Veronica Guerin Review

by Jonathan F. Richards (moviecritic AT prodigy DOT net)
October 20th, 2003

IN THE DARK/Jonathan Richards

VERONICA GUERIN

Directed by Joel Schumacher

Rated R, 92 minutes

    The true story of a crusading journalist martyr is one that stabs at our collective conscience. When the hero is a brave and beautiful young woman who risked all and paid the ultimate price in order to expose scum who were peddling drugs to children, the moral ante is raised. When we know that the woman was trying to balance a dangerous and significant career with the demands of being a loving wife and mother to a young son, all the ingredients are in place for a movie that should raise our consciousness, our anger, and our tears to the flashpoint.

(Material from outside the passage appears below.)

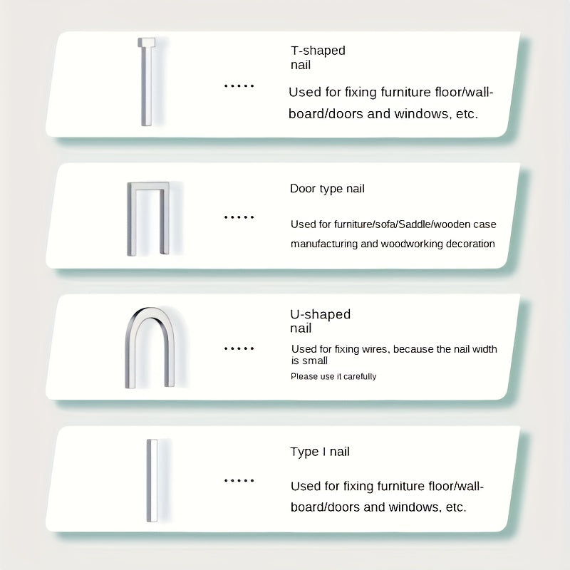 Includes: 3 types of nails (600 nails)

    When the credits indicate that this package comes courtesy of the action-adventure murderer's row of producer Jerry Bruckheimer ("Pear Harbor") and director Joel Schumacher ("Batman Forever", "8MM"), it raises a flag of, if not warning, at least curiosity. It doesn't seem like a true marriage of sense and sensibilty. But we think, more power to them, and good luck. And the credits reassure us with the presence of Cate Blanchett in the title role, and a supporting cast that includes Brenda Fricker, Ciaran Hinds, and Gerard McSorley. Anticipation trumps uneasiness.

    The movie is slick and solid, but its Hollywood professionalism never quite finds the pulse of the material. There's a muscular straightforwardness to the unfolding of a tale that cries out for nuance. Where is Costa-Gavras when we really need him?

    Veronica Guerin was an Irish journalist who wrote and made headlines in Ireland's leading newspaper during the mid-'90s with her bold investigative reporting on the drug traffic in Dublin. She made more headlines when she was rubbed out in a drive-by assassination in 1996. The public outrage at her murder prodded citizens and reluctant public officials into a powerful campaign against the Dublin narcotics trade. According to the capsule history at the end of the movie, the country is now virtually drug-free as a result of Guerin's work and spectacular demise. She is canonized as a sort of modern-day St. Patrick, driving the snakes out of Ireland.

    Most of the movie is told in flashback. In its first few minutes we see the fatal hit on Guerin as she sits in her car at a traffic light. We know she's a fast driver -- she's just come from a court date to answer for her portfolio of speeding tickets, and after receiving a genial slap on the wrist from an admiring judge, she speeds away to her encounter with mortality, weaving through traffic and talking on her cell phone.

    But it is her velocity and recklessness as a journalist and a person that occupies the center of this movie, and raises its most challenging moral questions. She has been stuck on a beat for her paper that she dismisses as "church scandals and corporate corruption" when she happens on the narcotics angle, walking through slums where disposable needles litter the pavement as liberally as gum wrappers. Her eyes light up like a cleanup hitter staring at a hanging curve.

    Veronica pursues her investigation with a single-minded passion. She rushes in where angels would fear to tread. She sasses cops, flirts with lowlifes, beards politicians and drug lords in their dens. She laughs at danger, thumbs her nose at intimidation, and suppresses fear. "I'm a journalist," she says. "Nobody shoots the messenger." But they do. A shot is fired into her study at home. A masked intruder shoots her in the leg. She is brutally beaten by a drug lord, who also telephones her at home to viciously threaten her family in terms that suggest he is not bluffing. She presses on down a road unmistakably signposted, refusing to alter course or tactics, with an almost jaunty fatalism.

    The film plays heavily on the reversal of traditional gender roles in Guerin's family life. She and her husband have a young son, but it is he who does most of the nurturing, she who lives in the world of ego-fed adventure and forgets to buy birthday presents. As in Tarantino's "Kill Bill", characteristics like violence and family-neglecting career obsession that have been criticized as male shortcomings are beginning to feel the embrace of female empowerment.

    There is an undeniable strength to this story, and to the Schumacher telling of it. Along with the button-pushing and heavy-handedness, there are moments of heart-pounding excitement, and moments of heart-rending sadness. Blanchett uses her large talent to serve us up an ambiguous character, a woman who mixes together equal parts of brains and stupidity, lack of fear and lack of judgment, charm and abrasiveness, reckoning and recklessness.

    The same ground was covered a few years ago in "When the Sky Falls", a fictionalized tale of Guerin's investigative career starring Joan Allen. Guerin herself collaborated on the early drafts of its screenplay before her murder. That movie went quickly to the video shelves. This one ought to do better, with its highly visible team. Its story of uncompromising journalism and villainy exposed is one that needs to be told and seen; and its trailing themes of gender politics, responsibility, and the risks and rewards of serving the public's right to know, are topics that will stand a lot of discussion. 189 journalists, the end credits tell us, have died in the line of duty in the six years between the death of Guerin and the completion of this film.